FANS: Fuzzing Android Native System Services via Automated Interface Analysis (USENIX Security2020)

Abstract: Android native system services provide essential supports and fundamental functionalities for user apps. Finding vulnerabilities in them is crucial for Android security. Fuzzing is one of the most popular vulnerability discovery solutions, yet faces several challenges when applied to Android native system services. First, such services are invoked via a special interprocess communication (IPC) mechanism, namely binder, via service-specific interfaces. Thus, the fuzzer has to recognize all interfaces and generate interface-specific test cases automatically. Second, effective test cases should satisfy the interface model of each interface. Third, the test cases should also satisfy the semantic requirements, including variable dependencies and interface dependencies.

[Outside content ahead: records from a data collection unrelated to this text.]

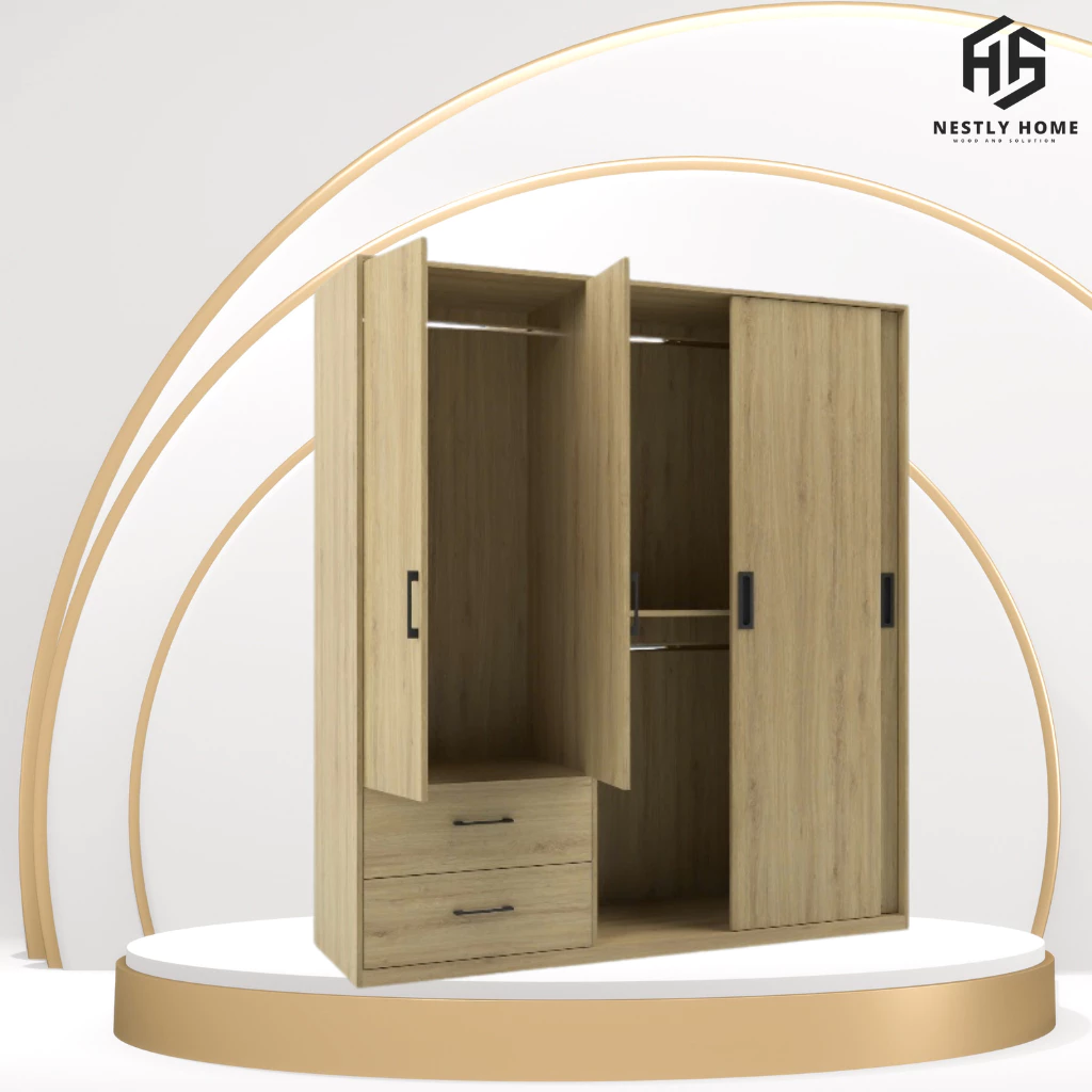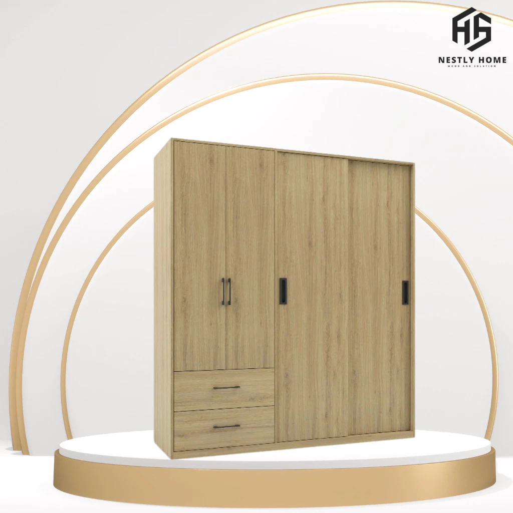 Đánh giá Tủ quần áo cửa lùa kết hợp cánh mở thông minh gỗ MDF cao cấp
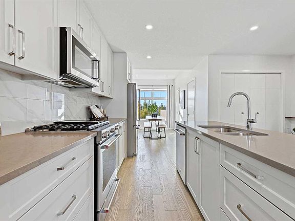 * OPEN SUN OCT 19th 12-3PM * Welcome to this beautifully upgraded 2-bedroom plus flex room, 2.5-bath townhome where thoughtful design and exceptional craftsmanship shine through every detail. Set in the coveted Les Jardins community next to Quarry Park, this home blends stylish living with low-maintenance ease — surrounded by French-inspired gardens, lush green space, and walkable convenience. Step inside and immediately feel the difference — a light-filled, open-concept plan enhanced by soaring ceilings, wide plank hardwood flooring, abundant custom millwork, and purposeful upgrades throughout. The kitchen features extended cabinetry with a matching sideboard and maple countertop, custom pantry shelving, and a redesigned island with added drawers and a full backboard for extra storage and style. The entryway and laundry room continue the custom theme with a built-in coat closet, maple shelving, laundry countertop, and drying rod — all tailored for smart everyday living. Unlike others you’ve seen, just off the heated attached garage you’ll find a versatile main-level office or flex room with its own private entrance — perfect for a home-based business, gym, or creative studio. This added flexibility makes the home ideal for modern lifestyles and work-from-home comfort. Meticulously cared for with fresh paint (2023), A/C serviced (Sept 2024, barely used), carpets and vents cleaned (Sept 2025), and filters (furnace, Lifebreath, and humidifier) changed quarterly. Technology and convenience abound with full Alexa smart-home integration controlling lights, music, doorbell, heating, and air — plus pre-mounted TV wiring, a wireless Ring camera, and solar panels on each unit. The attached heated garage even features hot and cold water hookups, perfect for year-round use. Outside, life at Les Jardins feels like a retreat — enjoy 70,000 sq. ft. of manicured gardens, a gym, community gardens, outdoor lounge areas with umbrellas and fire pits, and even a dedicated dog play park near the underground entrance. Everything you need is right here. This home perfectly balances luxury, practicality, and peace of mind — all in one of Calgary’s most thoughtfully designed communities. Come experience the beauty, the care, and the lifestyle that truly set this one apart. You won’t be disappointed.
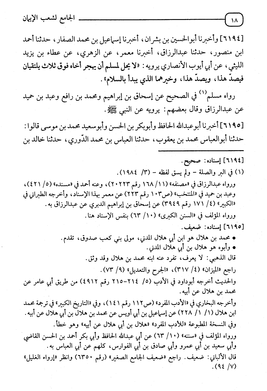 6194 - أَخْبَرَنَا أَبُو الْحُسَيْنِ بْنُ بِشْرَانَ، أَنَا إِسْمَاعِيلُ بْنُ مُحَمَّدٍ الصَّفَارُ، نا أَحْمَدُ بْنُ مَنْصُورٍ، نا عَبْدُ الرَّزَّاقِ، أَنَا مَعْمَرٌ، عَنِ الزُّهْرِيِّ، عَنْ عَطَاءِ بْنِ يَزِيدَ اللَّيْثِيِّ، عَنْ أَبِي أَيُّوبَ الْأَنْصَارِيِّ، يَرْوِيهِ: §" لَا يَحِلُّ لِمُسْلِمٍ أَنْ يَهْجُرَ أَخَاهُ فَوْقَ ثَلَاثَةٍ يَلْتَقِيَانِ فَيَصُدُّ هَذَا، وَيَصُدُّ هَذَا وَخَيْرُهُمَا الَّذِي يَبْدَأُ بِالسَّلَامِ " رَوَاهُ مُسْلِمٌ فِي الصَّحِيحِ، عَنْ إِسْحَاقَ بْنِ إِبْرَاهِيمَ، وَمُحَمَّدِ بْنِ رَافِعٍ، وَعَبْدِ اللهِ بْنِ حُمَيْدٍ، عَنْ عَبْدِ الرَّزَّاقِ، وَقَالَ بَعْضُهُمْ: يَرْوِيهِ، عَنِ النَّبِيِّ صَلَّى اللَّهُ عَلَيْهِ وَسَلَّمَ
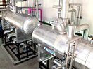 The ammonia gas is sucked off by a screw compressor through installed on skid liquid separator vessel to protect compressor from droplets of liquid. Than gas is compressed and transferred to condenser. Gaseous ammonia is liquefied by cooling water. The liquid ammonia is collected into a receiver vessel. From the receiver liquid ammonia is directed back towards the storage tank.

In this paper, we propose an automated generation-based fuzzing solution FANS to find vulnerabilities in Android native system services. It first collects all interfaces in target services and uncovers deep nested multi-level interfaces to test. Then, it automatically extracts interface models, including feasible transaction code, variable names and types in the transaction data, from the abstract syntax tree (AST) of target interfaces. Further, it infers variable dependencies in transactions via the variable name and type knowledge, and infers interface dependencies via the generation and use relationship. Finally, it employs the interface models and dependency knowledge to generate sequences of transactions, which have valid formats and semantics, to test interfaces of target services. We implemented a prototype of FANS from scratch and evaluated it on six smartphones equipped with a recent version of Android, i.e., android-9.0.0_r46 , and found 30 unique vulnerabilities deduplicated from thousands of crashes, of which 20 have been confirmed by Google. Surprisingly, we also discovered 138 unique Java exceptions during fuzzing.

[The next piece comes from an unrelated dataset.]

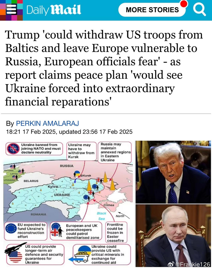 特朗普与俄罗斯总统普京的电话会谈后,媒体纷纷猜测,美国可能愿意承认俄罗斯对乌克兰部分领土的控制权,并通过撤军波罗的海三国来换取俄乌停战。这意味着,立陶宛、拉脱维亚和爱沙尼亚三国将失去最重要的安全保障,而北约在东欧的防御体系也将遭遇重创。欧洲各国对这一可能性深感忧虑,因为美国的撤离将使俄罗斯在东欧的军事压力倍增。
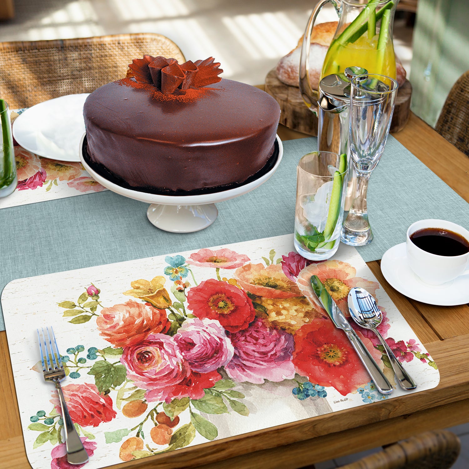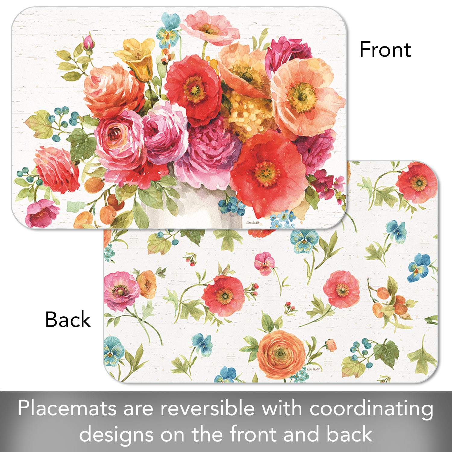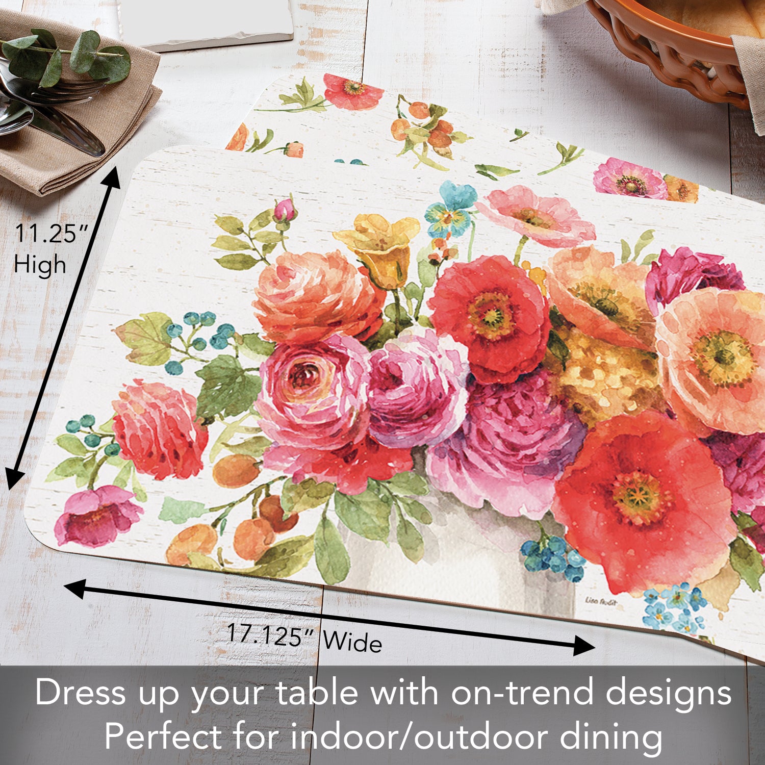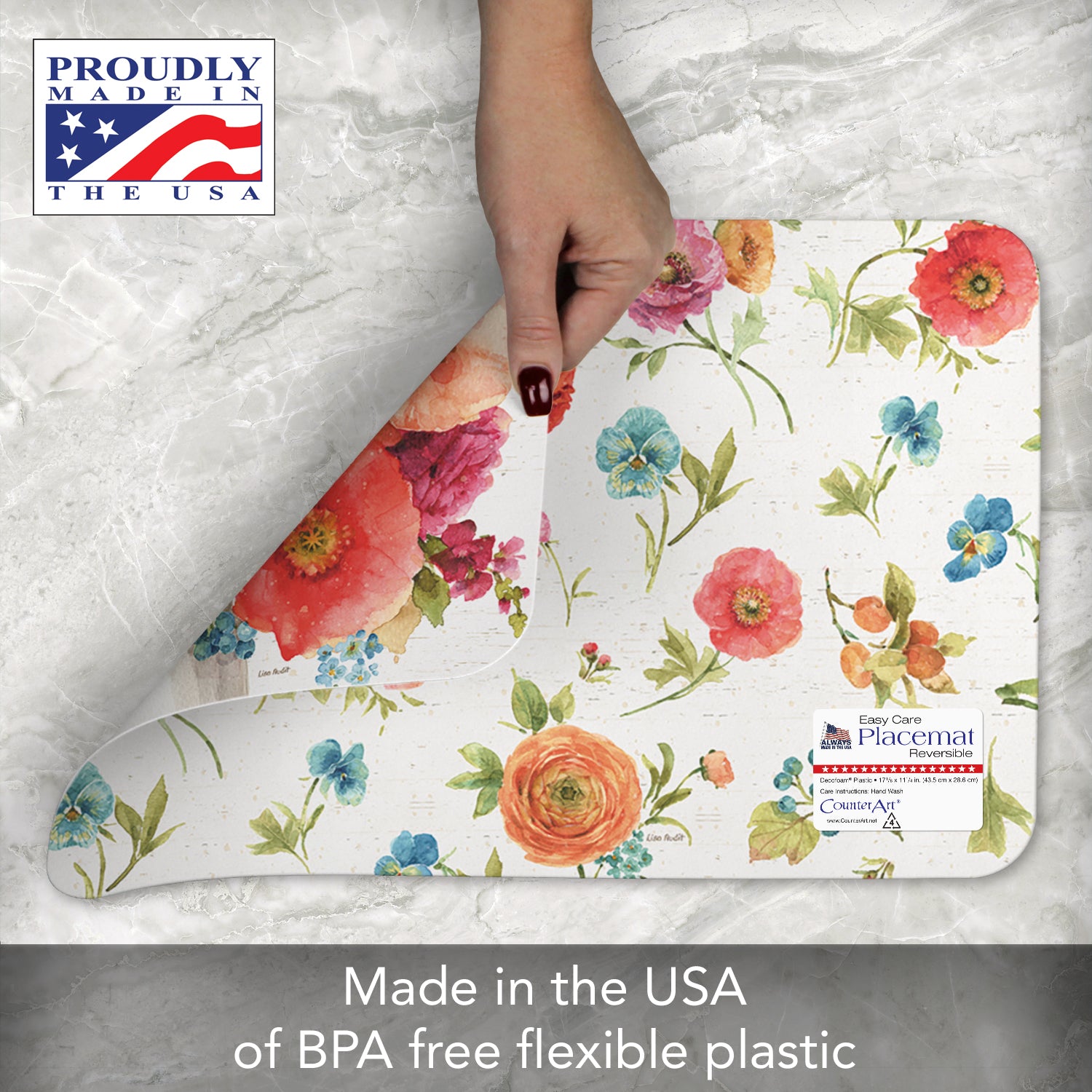 Counterart Country Fresh Flowers 4 Pack Reversible Easy Care Flexible Placemats Made in the USA

Fuzzing IPC with Knowledge Inference (SRDS 2019)

Abstract: Sandboxing provides a strong security guarantee for applications, by isolating untrusted code into separated compartments. Untrusted code could only use IPC (inter-process communication) to launch sensitive actions, which are implemented in trusted (and maybe privileged) code. IPC-related security bugs in trusted code could facilitate jailbreaks of sandboxing, and thus are becoming high-value targets. However, finding vulnerabilities that could be triggered by IPC is challenging, due to the fact that IPC communication is stateful and format-sensitive.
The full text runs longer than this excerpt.